General files that are created during processing

processing time is set to be up to 6 hours except for SnpCgh microarray which is limited to 1 hour of processing

note: the original uploaded file and the files inside it (in case of an archive) is deleted by process_input_files.php

  1. process_log.text - log file for the project processing.

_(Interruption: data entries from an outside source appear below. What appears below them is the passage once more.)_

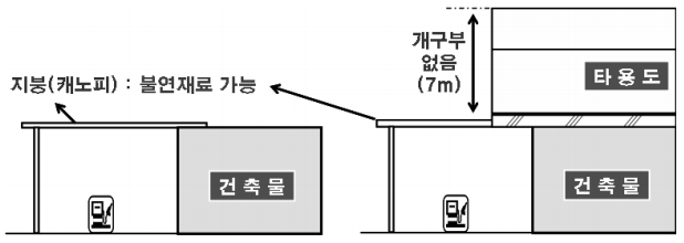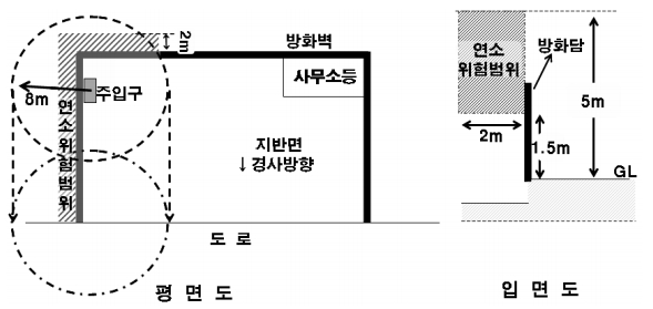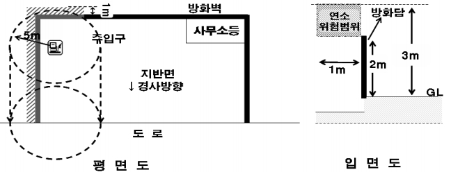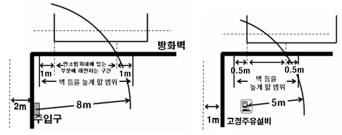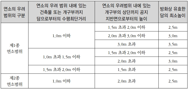연소의 우려범위 내에 있는 건축물의 부분과 대면하고 있는 담의 부분 및 당해 부분의 양단으로부터 제1종 연소범위에 있어서는 1m, 제2종 연소범위에 있어서는 0.5m를 연장한 부분까지를 상기 표에 따라 방화상 유효한 높이로 설치하여야 한다. 다만, 연소의 우려범위 내의 건축물이 내화구조(개구부에 방화문을 설치한 것을 포함)인 경우에는 그러하지 아니하다.
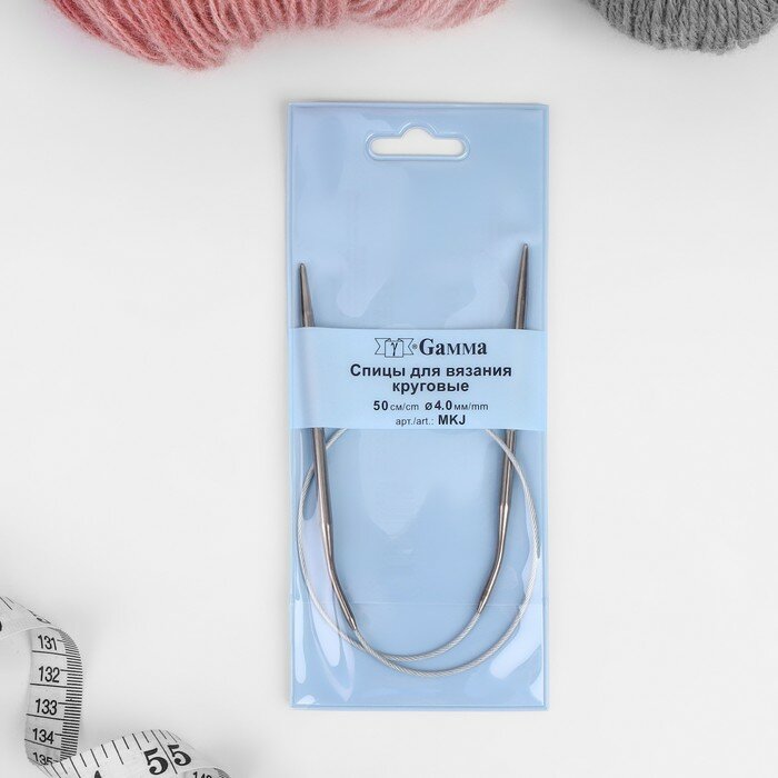 Купить Спицы круговые, для вязания, с металлическим тросом, d = 4 мм, 50 см
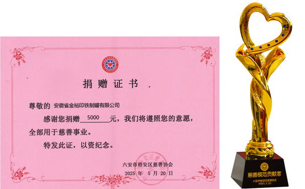 作為從裕安這片熱土上成長起來的本土企業(yè),金裕制罐深知企業(yè)的發(fā)展離不開家鄉(xiāng)人民的支持與社會各界的關(guān)愛。“感恩社會,回饋桑梓”早已融入我們的血脈,成為企業(yè)堅定不移的核心價值理念。多年來,我們始終將慈善公益視為己任,用點滴行動傳遞溫暖:
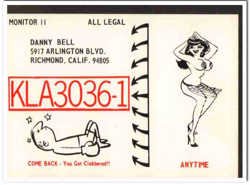 KLA-3036 Danny Bell Richmond CA 1960s Vintage Postcard CB QSL Card
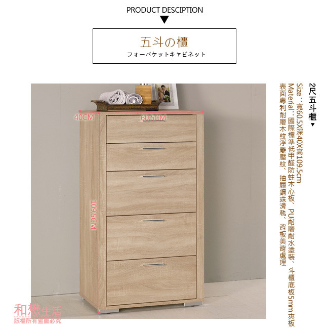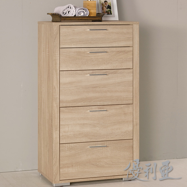 【優利亞-格瑞絲】2尺五斗櫃~簡約柔和的時尚線條,極簡風格的獨特品味,增添臥室空間的高質感。主結構採用低甲醛防蛀木心板結構堅固不易損壞,塗裝採用優麗坦耐磨、耐水塗裝,貼皮採用專利技術耐磨木紋同調浮雕壓紋觸感彷佛實木一般的高質感;五抽櫃的收納大容量結構,讓您不必再煩惱家裡物品及衣物的收納空間,放置私人物品,多格置物空間,可收納各式用品,有效節省空間,不怕凌亂!此商品非DIY組裝設計,品質有保障。現在購買專人送到府服務,免組裝,讓你省時省力省運費!
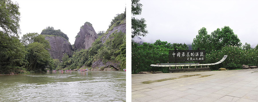 九曲溪隨波逐流而下,溪面忽而平緩似池,忽而湍急如潮,竹排隨之或珊珊而行,或急流而下,好不刺激!沿途聽著艄公為我們講解各種典故,當(dāng)然還有搞笑的段子,一陣陣笑聲在耳邊繚繞,讓人忘卻憂愁。
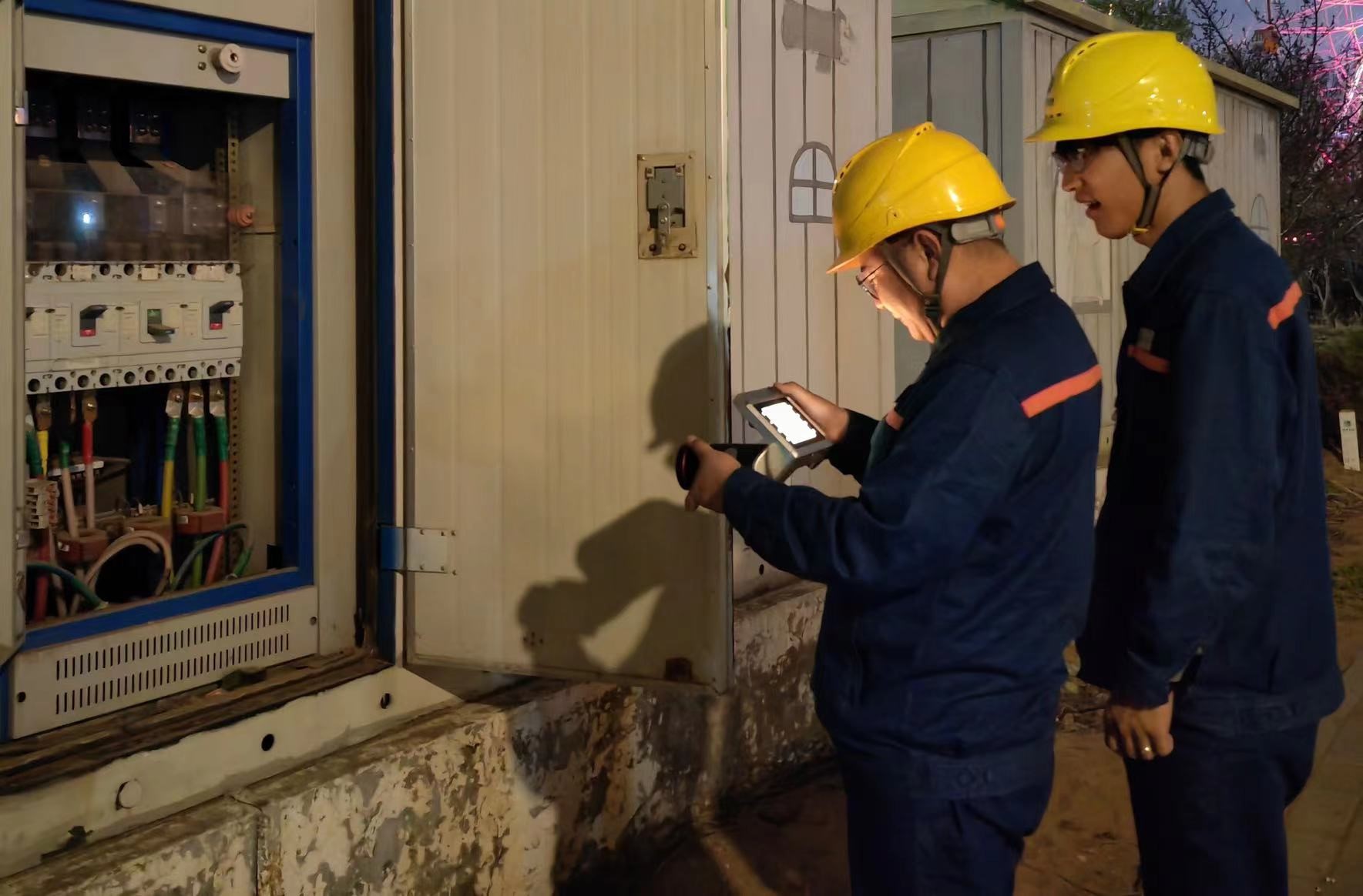 6月24日20時(shí),熙熙攘攘的人群里,郭智遠(yuǎn)和袁小龍穿行其中。今晚,他倆要完成蒙欣廣場(chǎng)和德榮2個(gè)夜市的用電安全檢查。“迎峰度夏期間工作量大,全憑兩條腿,必須要到現(xiàn)場(chǎng)實(shí)際檢查才能放心。”他們利用紅外測(cè)溫儀通過電暈、局部放電、溫升燒紅等現(xiàn)象來發(fā)現(xiàn)導(dǎo)線連接器及絕緣子存在的缺陷。對(duì)蒙欣廣場(chǎng)夜市、德榮夜市線路刀閘閘口、接頭、導(dǎo)線線夾等易發(fā)熱部位進(jìn)行全方位檢查,及時(shí)掌握設(shè)備運(yùn)行狀態(tài),避免設(shè)備出現(xiàn)故障。結(jié)束了夜市的用電安全檢查,收拾好工器具,已是22:20,但汗流浹背的兩個(gè)人并沒有回程,他們還要前往體育館的10千伏線路開展夜巡工作。
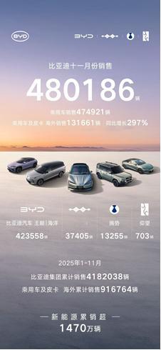 比亚迪11月销售480186辆,今年的新高;海外销售突破13万辆,历史新高。2025年1-11月累计销售4182038辆,新能源累计销售超1470万辆。具体到各个品牌:比亚迪王朝184338辆 | 海洋233431辆方程豹汽车销售37405辆腾势汽车销售13255辆仰望汽车销售703辆值得一提的是腾势的销量也逐步回暖,技术含金量逐渐释放出来了,明年会有很多新产品,可以期待一下。比亚迪
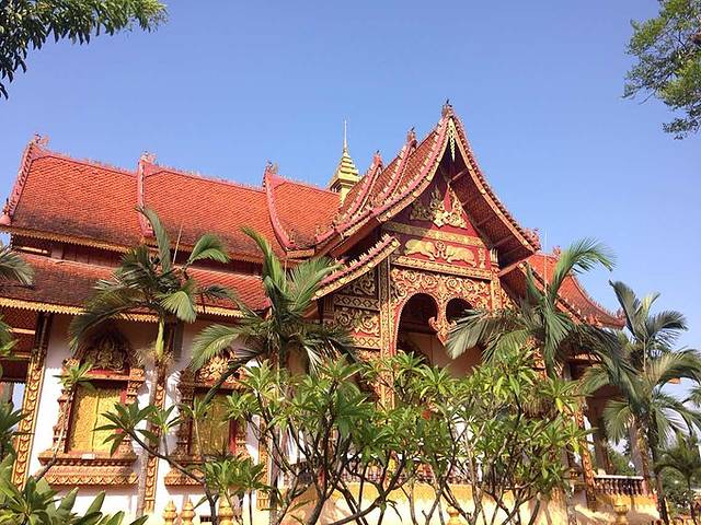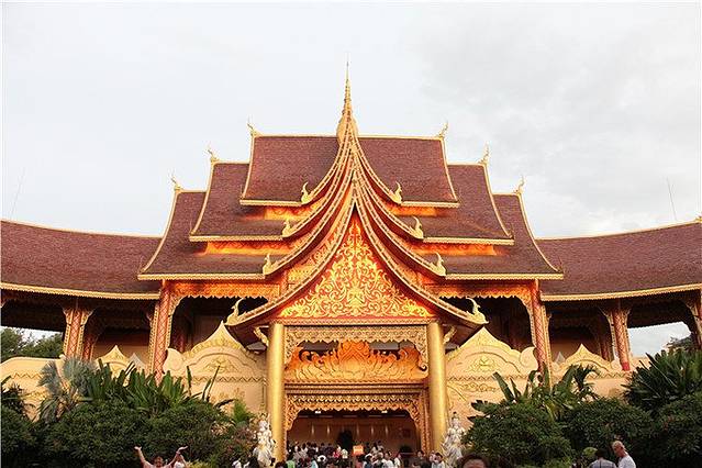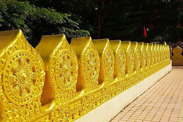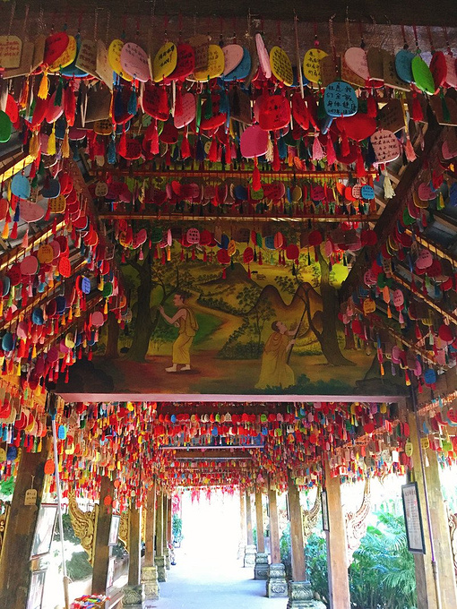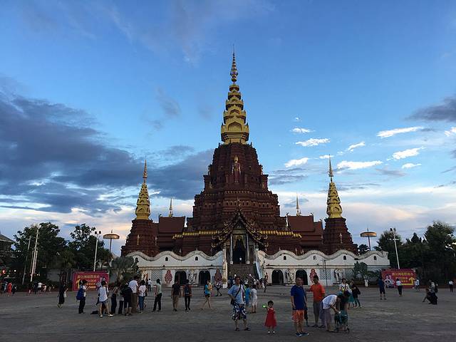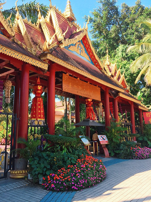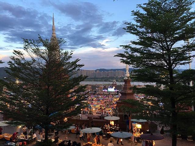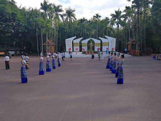 勐泐大佛寺位于勐泐大道的尽头处,如果体力好可以直接爬上山顶,对于体力稍微差一些的推荐乘坐观光车登顶,虽然坐车的时间不长路途也不太远,但是免去了3000多级台阶的痛苦,我们是从山顶往下游览的,山顶的金佛威严巨大,从山顶还能看到勐泐大道像中轴线一样笔直和看到整个景洪市区,大佛寺每天都有泼水节表演,也是叫浴佛仪式,在旁边还有孔雀放飞的活动,很适合带小孩的家庭前往游玩。再往下走,金碧辉煌的庙宇同样气势恢宏,充满了泰国风情
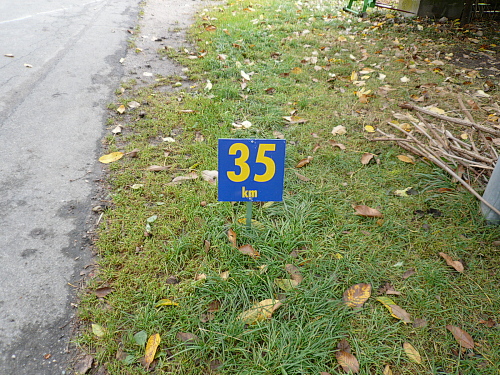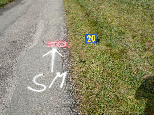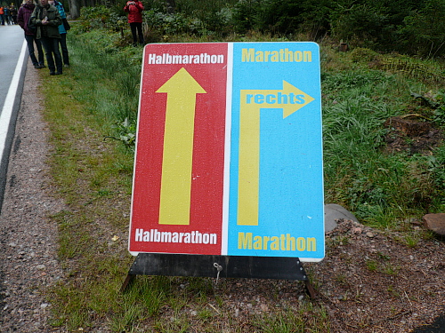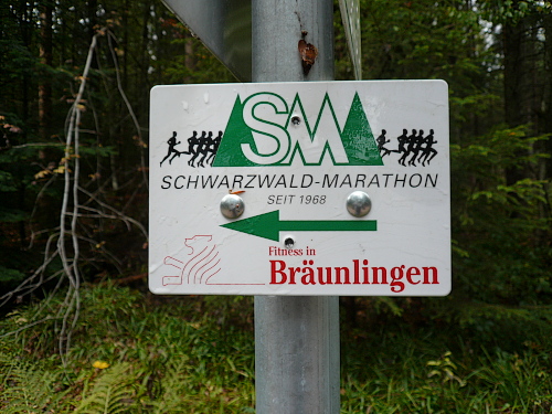 Verlaufen war nahezu unmöglich. Neben der Streckenmarkierung durch Flatterbänder, Kreidepfeile und Helfer war der gesamte Verlauf durch fest angebrachte Schilder mit dem Motiv des Schwarzwaldmarathons gekennzeichnet. Ein Schelm, wer „SM“ nicht nur mit Schwarzwald-Marathon übersetzt.
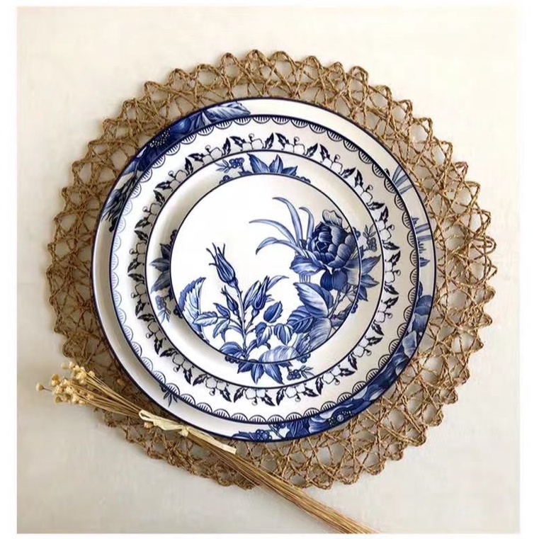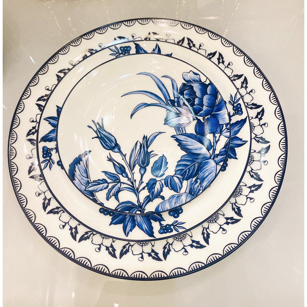 Giới thiệu Đĩa phong cách Bắc Âu sang trọng, viền vàng, ăn tiệc cao cấp, để salad, ăn chính, họa tiết hoa hồng xanh tinh tế
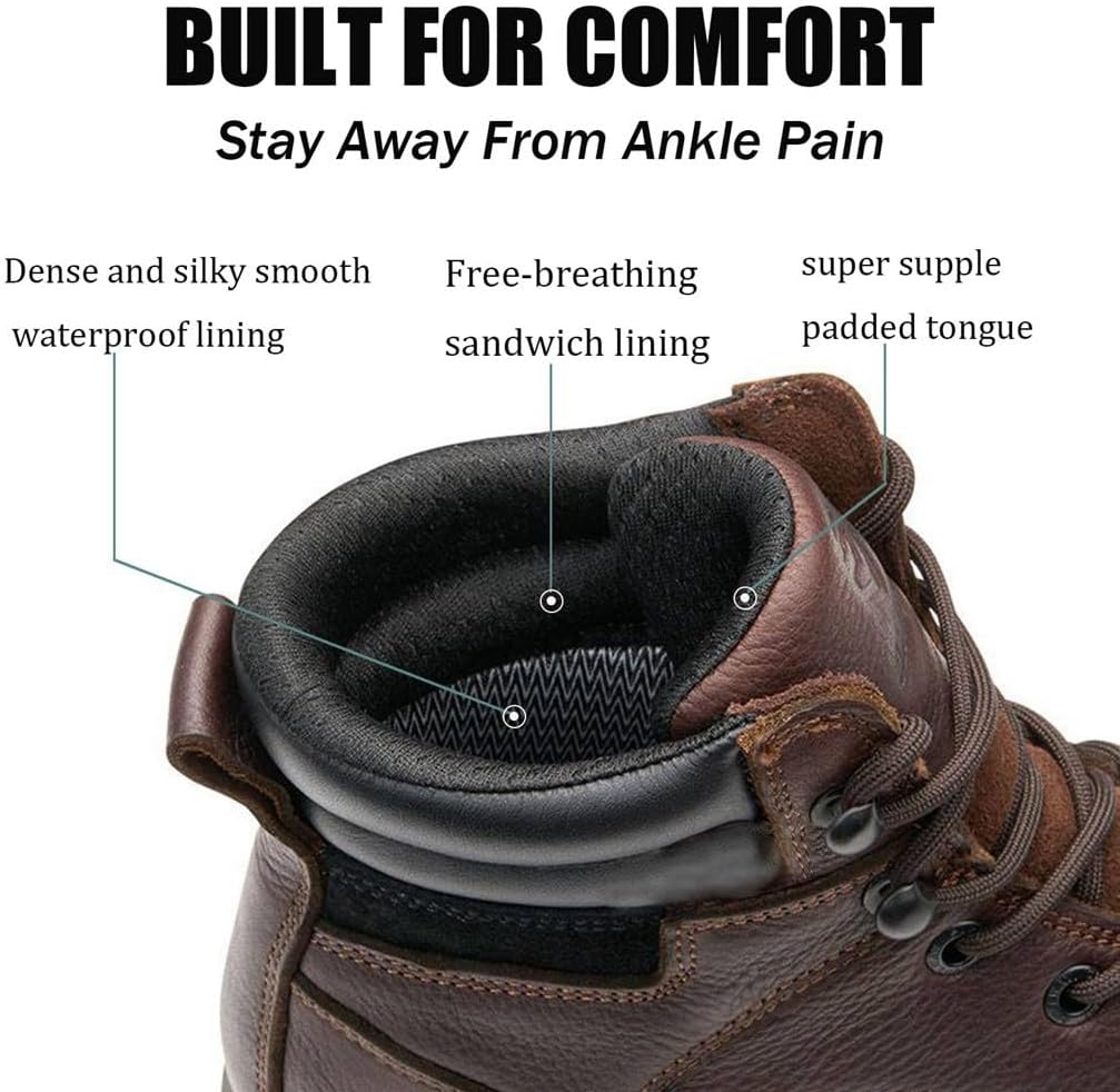 Men 6 Inch Waterproof Soft Toe Work Boots – Moc Toe,Construction Industrial Safety Leather Work Shoes,Oil/Slip Resistant Comfortable Wedge Outsole,EH Rated,Goodyear Welt,Lace Up,Heavy Duty

  2. working.txt - generated at the start of processing contain the processing start timestamp, used to indicate front end that the installation still running.

  3. working_done.txt - when the installation is done the file working.txt changes name to working_done.txt

  4. condensed_log.txt - condensed process log contains process levels to be displayed in the UI during processing

  5. completed.txt - created when processing is done, contain the timestamp of when the processing was done.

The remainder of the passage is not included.